> **EXERCISE INSTRUCTIONS**:
Set down the data below in full, exactly as it reads, but without the pictures.

> **INFORMATION SHOWN**:
════════

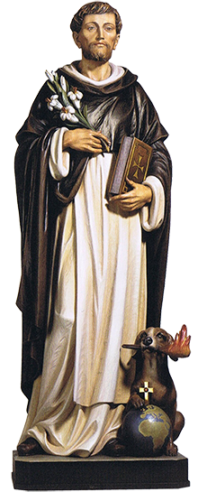 Паданні кажуць, што маці святога Дамініка, благаслаўлёная Ёанна, калі была цяжарная, мела прарочы сон: яна ўбачыла сабаку, які трымаў у зубах паходню і бег па ўсім свеце, распальваючы ў ім агонь. Гэты сон павінен быў значыць, што дзіця, якое мелася нарадзіцца, будзе запальваць на зямлі агонь Божай любові. Гэты агонь павінен быў таксама сімвалізаваць святло праўды, якое разыходзіцца па ўсім свеце праз прапаведнікаў Евангелля ў духу навучання святога Грыгорыя Вялікага, які зрабіў адным з хрысціянскіх сімвалаў вобраз сабакі — прапаведніка пры Боскім Пастыры Хрысце. Сабака з паходняю ў зубах стаў таксама сімвалам ордэну дамініканаў, лацінская назва якога — Domini canes — перакладаецца як «Божыя сабакі». Пра жыццё святога мы ведаем з біяграфіі, напісанай адным з яго першых паслядоўнікаў — Ярданам Саксонскім. Ён апісвае, што аднойчы, падчас дыпламатычнага падарожжа ў Данію праз Паўднёвую Францыю, Дамінік усю ноч правёў у дыскусіі з адным з ерэтыкоў-катараў, спрабуючы пераканаць яго вярнуцца да каталіцкай веры. Пасля таго, як гэты чалавек выракся ерасі, у Дамініку пачала ўзрастаць думка стаць вандроўным тэолагам-прапаведнікам. Такім чынам, два элементы веры павінны былі стаць падмуркам новай манаскай супольнасці: апостальства ва ўбостве, посце, самаўтаймаванні і вандроўнае прапаведаванне ад вёскі да вёскі, ад горада да горада, каб не чакаць людзей, якія шукаюць Бога, а знаходзіць іх самім. Вяртаючыся з Даніі, Дамінік застаўся ў Паўднёвай Францыі, каб прысвяціць сябе прапаведаванню і змаганню з ерассю катараў. У 1206 годзе ўзнікла першая дамініканская супольнасць: у французскім мястэчку Пруйль, недалёка ад Фанжо, быў заснаваны першы кляштар дамініканскіх манашак. Ордэн нарадзіўся ў складаныя для Касцёла часы і ў тым месцы, дзе асабліва адчуваўся крызіс Касцёла. У Еўропе множыліся ерасі, паўднёвая Францыя была галоўным месцам дзейнасці секты катараў — там гэты рух квітнеў, далучаючы прадстаўнікоў усіх саслоўяў. Мужчыны катары найчасцей вандравалі, прапаведуючы сваё вучэнне, а жанчыны жылі вялікімі супольнасцямі ў дамах, якія фундавала мясцовая арыстакратыя. І першымі манашкамі дамініканкамі сталі менавіта катаркі, якіх святы Дамінік навярнуў у каталіцтва. Кляштар святой Марыі ў Пруйлі стаў альтэрнатываю для жанчын, якія жадалі вярнуцца ў Каталіцкі Касцёл, але выраслі ў катарскіх сем’ях і таму надавалі вялікае значэнне аскетычнасці жыцця, пакуце і малітве, чаго бракавала Касцёлу, які перажываў вялікі крызіс. Прыклад любові, веры і аскетычнага жыцця святога Дамініка прывёў іх да навяртання. Дамінік, адораны вялікім духам апостальства, стаў іх духоўным айцом і кіраўніком. Магчыма, сутнасць дамініканскага ордэну і яго яснае бачанне нарадзіліся ў святым Дамініку менавіта пасля навяртання катарскіх жанчын. Ён пажадаў, каб у месцы духоўнай згубы ўзнікла супольнасць, якая несла б святло праўды і стала знакам жывой прысутнасці Хрыста. Дамініканскія манашкі занялі асаблівае месца ў евангелізацыйным служэнні. Ведаючы, што плённасць абвяшчэння Евангелля цесна звязаная з малітваю, Дамінік далучыў манашак з заснаванай ім супольнасці да сваёй справы прапаведавання праз іх заступніцкую малітву. (Цяпер на тэрыторыі Беларусі, на жаль, няма кляштара дамініканскіх манашак, але некалькі сясцёр беларусак жывуць у кляштары ў Дрохедзе, у Ірландыі.)
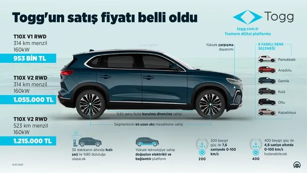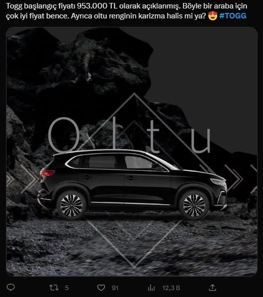 Togg başlangıç fiyatı 953.000 TL olarak açıklanmış. Böyle bir araba için çok iyi fiyat bence. Ayrıca oltu renginin karizma halis mi ya?
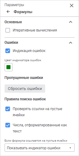 Сбросить пропущенные ошибки. Нажмите кнопку для возврата индикации тем ячейкам, которые содержали ошибки в формулах, но были пропущены пользователем при помощи команды «Пропустить ошибку».
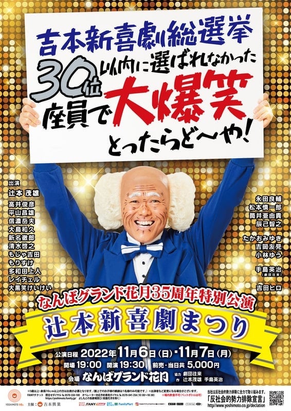 夜も35周年を記念した特別公演が目白押しです。そのうち、11月6日(日)・7日(月)にスペシャル新喜劇公演を行う辻本は、イベントの魅力を次のように話しました。「吉本新喜劇総選挙で30位以内に入らなかったけど、めちゃめちゃおもろい座員21人を厳選して2時間30分くらいのイベントをやります。面白いメンバーなので見に来てください!」。

════════

> **OUTPUT FOR THIS TASK**:
 Паданні кажуць, што маці святога Дамініка, благаслаўлёная Ёанна, калі была цяжарная, мела прарочы сон: яна ўбачыла сабаку, які трымаў у зубах паходню і бег па ўсім свеце, распальваючы ў ім агонь. Гэты сон павінен быў значыць, што дзіця, якое мелася нарадзіцца, будзе запальваць на зямлі агонь Божай любові. Гэты агонь павінен быў таксама сімвалізаваць святло праўды, якое разыходзіцца па ўсім свеце праз прапаведнікаў Евангелля ў духу навучання святога Грыгорыя Вялікага, які зрабіў адным з хрысціянскіх сімвалаў вобраз сабакі — прапаведніка пры Боскім Пастыры Хрысце. Сабака з паходняю ў зубах стаў таксама сімвалам ордэну дамініканаў, лацінская назва якога — Domini canes — перакладаецца як «Божыя сабакі». Пра жыццё святога мы ведаем з біяграфіі, напісанай адным з яго першых паслядоўнікаў — Ярданам Саксонскім. Ён апісвае, што аднойчы, падчас дыпламатычнага падарожжа ў Данію праз Паўднёвую Францыю, Дамінік усю ноч правёў у дыскусіі з адным з ерэтыкоў-катараў, спрабуючы пераканаць яго вярнуцца да каталіцкай веры. Пасля таго, як гэты чалавек выракся ерасі, у Дамініку пачала ўзрастаць думка стаць вандроўным тэолагам-прапаведнікам. Такім чынам, два элементы веры павінны былі стаць падмуркам новай манаскай супольнасці: апостальства ва ўбостве, посце, самаўтаймаванні і вандроўнае прапаведаванне ад вёскі да вёскі, ад горада да горада, каб не чакаць людзей, якія шукаюць Бога, а знаходзіць іх самім. Вяртаючыся з Даніі, Дамінік застаўся ў Паўднёвай Францыі, каб прысвяціць сябе прапаведаванню і змаганню з ерассю катараў. У 1206 годзе ўзнікла першая дамініканская супольнасць: у французскім мястэчку Пруйль, недалёка ад Фанжо, быў заснаваны першы кляштар дамініканскіх манашак. Ордэн нарадзіўся ў складаныя для Касцёла часы і ў тым месцы, дзе асабліва адчуваўся крызіс Касцёла. У Еўропе множыліся ерасі, паўднёвая Францыя была галоўным месцам дзейнасці секты катараў — там гэты рух квітнеў, далучаючы прадстаўнікоў усіх саслоўяў. Мужчыны катары найчасцей вандравалі, прапаведуючы сваё вучэнне, а жанчыны жылі вялікімі супольнасцямі ў дамах, якія фундавала мясцовая арыстакратыя. І першымі манашкамі дамініканкамі сталі менавіта катаркі, якіх святы Дамінік навярнуў у каталіцтва. Кляштар святой Марыі ў Пруйлі стаў альтэрнатываю для жанчын, якія жадалі вярнуцца ў Каталіцкі Касцёл, але выраслі ў катарскіх сем’ях і таму надавалі вялікае значэнне аскетычнасці жыцця, пакуце і малітве, чаго бракавала Касцёлу, які перажываў вялікі крызіс. Прыклад любові, веры і аскетычнага жыцця святога Дамініка прывёў іх да навяртання. Дамінік, адораны вялікім духам апостальства, стаў іх духоўным айцом і кіраўніком. Магчыма, сутнасць дамініканскага ордэну і яго яснае бачанне нарадзіліся ў святым Дамініку менавіта пасля навяртання катарскіх жанчын. Ён пажадаў, каб у месцы духоўнай згубы ўзнікла супольнасць, якая несла б святло праўды і стала знакам жывой прысутнасці Хрыста. Дамініканскія манашкі занялі асаблівае месца ў евангелізацыйным служэнні. Ведаючы, што плённасць абвяшчэння Евангелля цесна звязаная з малітваю, Дамінік далучыў манашак з заснаванай ім супольнасці да сваёй справы прапаведавання праз іх заступніцкую малітву. (Цяпер на тэрыторыі Беларусі, на жаль, няма кляштара дамініканскіх манашак, але некалькі сясцёр беларусак жывуць у кляштары ў Дрохедзе, у Ірландыі.)
 Togg başlangıç fiyatı 953.000 TL olarak açıklanmış. Böyle bir araba için çok iyi fiyat bence. Ayrıca oltu renginin karizma halis mi ya?
 Сбросить пропущенные ошибки. Нажмите кнопку для возврата индикации тем ячейкам, которые содержали ошибки в формулах, но были пропущены пользователем при помощи команды «Пропустить ошибку».
 夜も35周年を記念した特別公演が目白押しです。そのうち、11月6日(日)・7日(月)にスペシャル新喜劇公演を行う辻本は、イベントの魅力を次のように話しました。「吉本新喜劇総選挙で30位以内に入らなかったけど、めちゃめちゃおもろい座員21人を厳選して2時間30分くらいのイベントをやります。面白いメンバーなので見に来てください!」。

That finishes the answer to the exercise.